[Material for this exercise Boundary: Start]

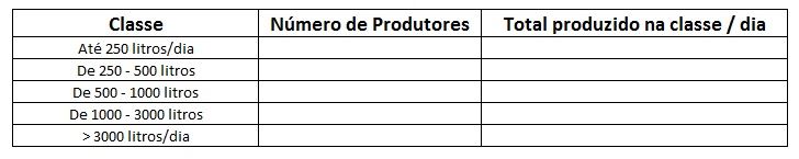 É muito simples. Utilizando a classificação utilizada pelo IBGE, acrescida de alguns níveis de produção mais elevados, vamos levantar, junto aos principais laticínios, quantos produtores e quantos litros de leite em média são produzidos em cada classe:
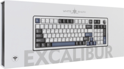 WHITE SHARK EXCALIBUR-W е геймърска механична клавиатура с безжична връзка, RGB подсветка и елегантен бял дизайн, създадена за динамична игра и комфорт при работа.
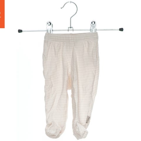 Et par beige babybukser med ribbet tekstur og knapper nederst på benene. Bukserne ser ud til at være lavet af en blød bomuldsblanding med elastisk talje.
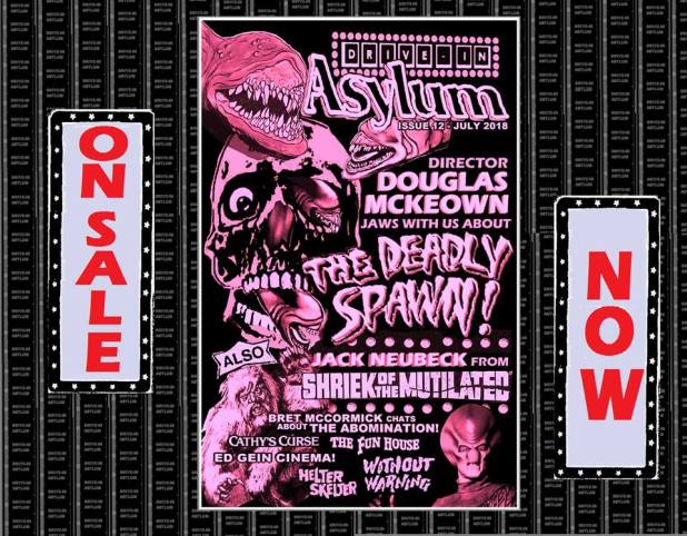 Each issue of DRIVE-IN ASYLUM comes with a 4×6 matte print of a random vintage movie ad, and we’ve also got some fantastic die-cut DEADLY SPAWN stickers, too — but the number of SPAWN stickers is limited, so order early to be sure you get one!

[Material for this exercise Boundary: End]
[Material for this exercise Boundary: Start]

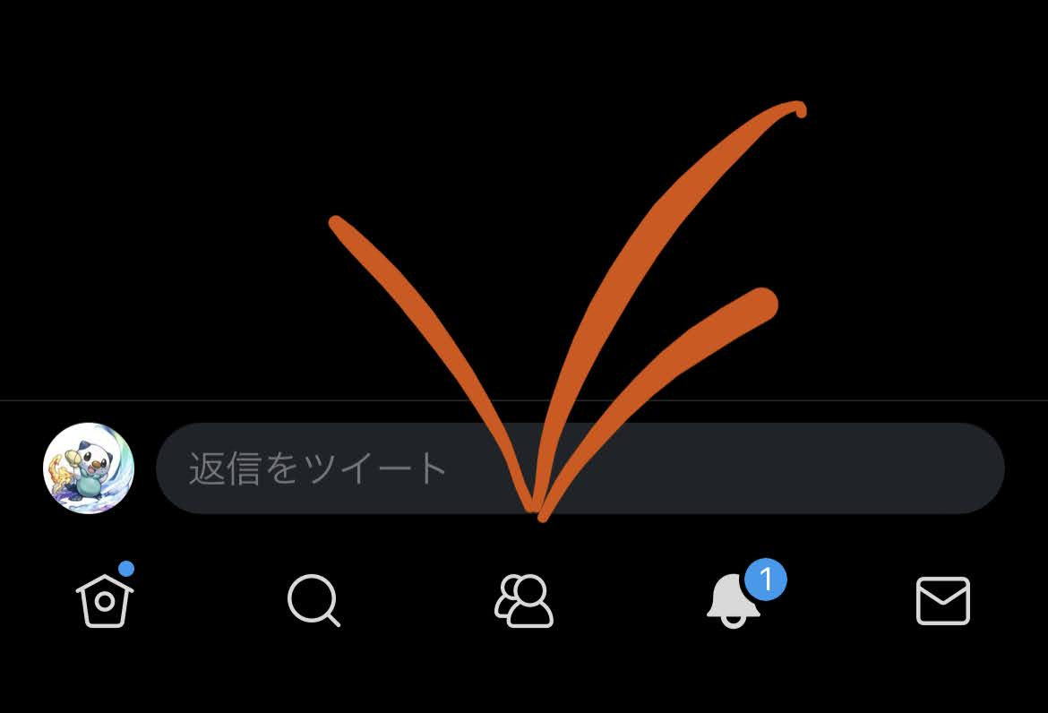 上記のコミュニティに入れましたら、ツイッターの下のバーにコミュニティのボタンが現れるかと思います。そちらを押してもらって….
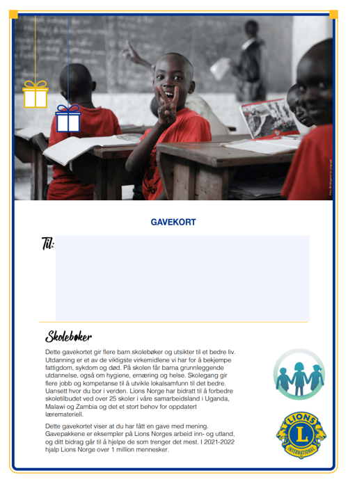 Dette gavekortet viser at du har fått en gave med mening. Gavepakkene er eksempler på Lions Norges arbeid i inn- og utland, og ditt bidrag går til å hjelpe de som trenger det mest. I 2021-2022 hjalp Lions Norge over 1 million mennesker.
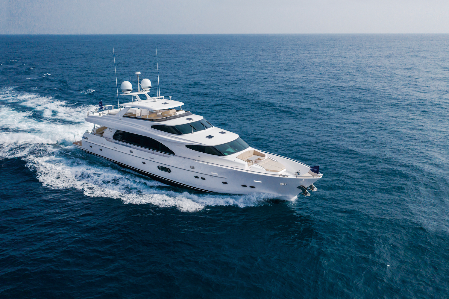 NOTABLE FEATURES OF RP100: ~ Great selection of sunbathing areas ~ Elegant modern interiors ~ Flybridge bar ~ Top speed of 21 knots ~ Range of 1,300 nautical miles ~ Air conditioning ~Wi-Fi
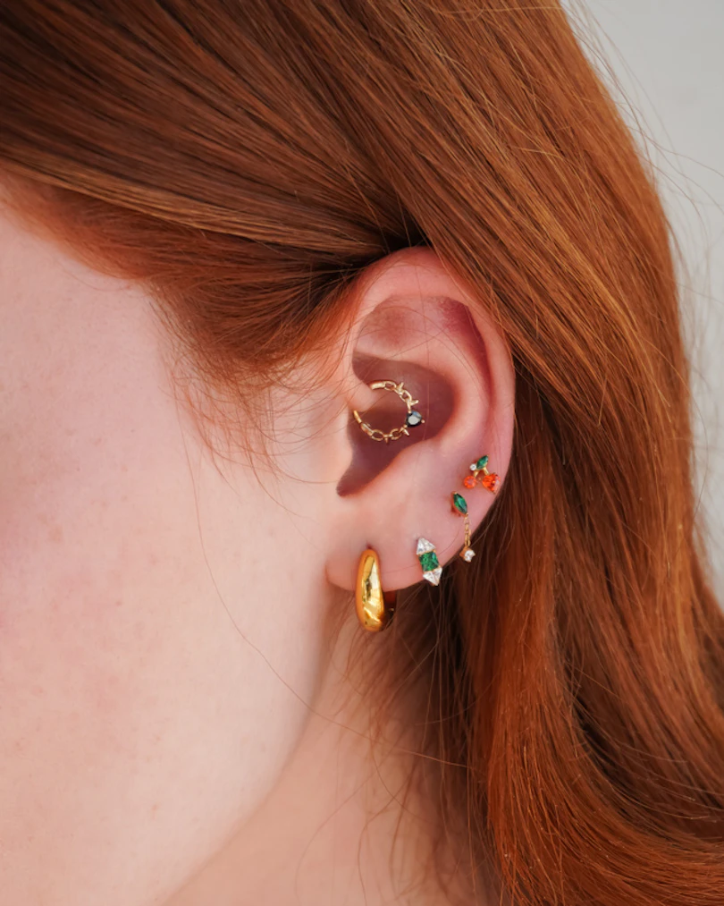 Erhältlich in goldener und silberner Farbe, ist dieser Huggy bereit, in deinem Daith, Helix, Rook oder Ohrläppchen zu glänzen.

[Material for this exercise Boundary: End]

Work instruction: Using the data above, copy exactly the lines from the one containing "É muito simples." to the one containing "WHITE SHARK EXCALIBUR-W", inclusive. Exclude the pictures.

Reply:
 É muito simples. Utilizando a classificação utilizada pelo IBGE, acrescida de alguns níveis de produção mais elevados, vamos levantar, junto aos principais laticínios, quantos produtores e quantos litros de leite em média são produzidos em cada classe:
 WHITE SHARK EXCALIBUR-W е геймърска механична клавиатура с безжична връзка, RGB подсветка и елегантен бял дизайн, създадена за динамична игра и комфорт при работа.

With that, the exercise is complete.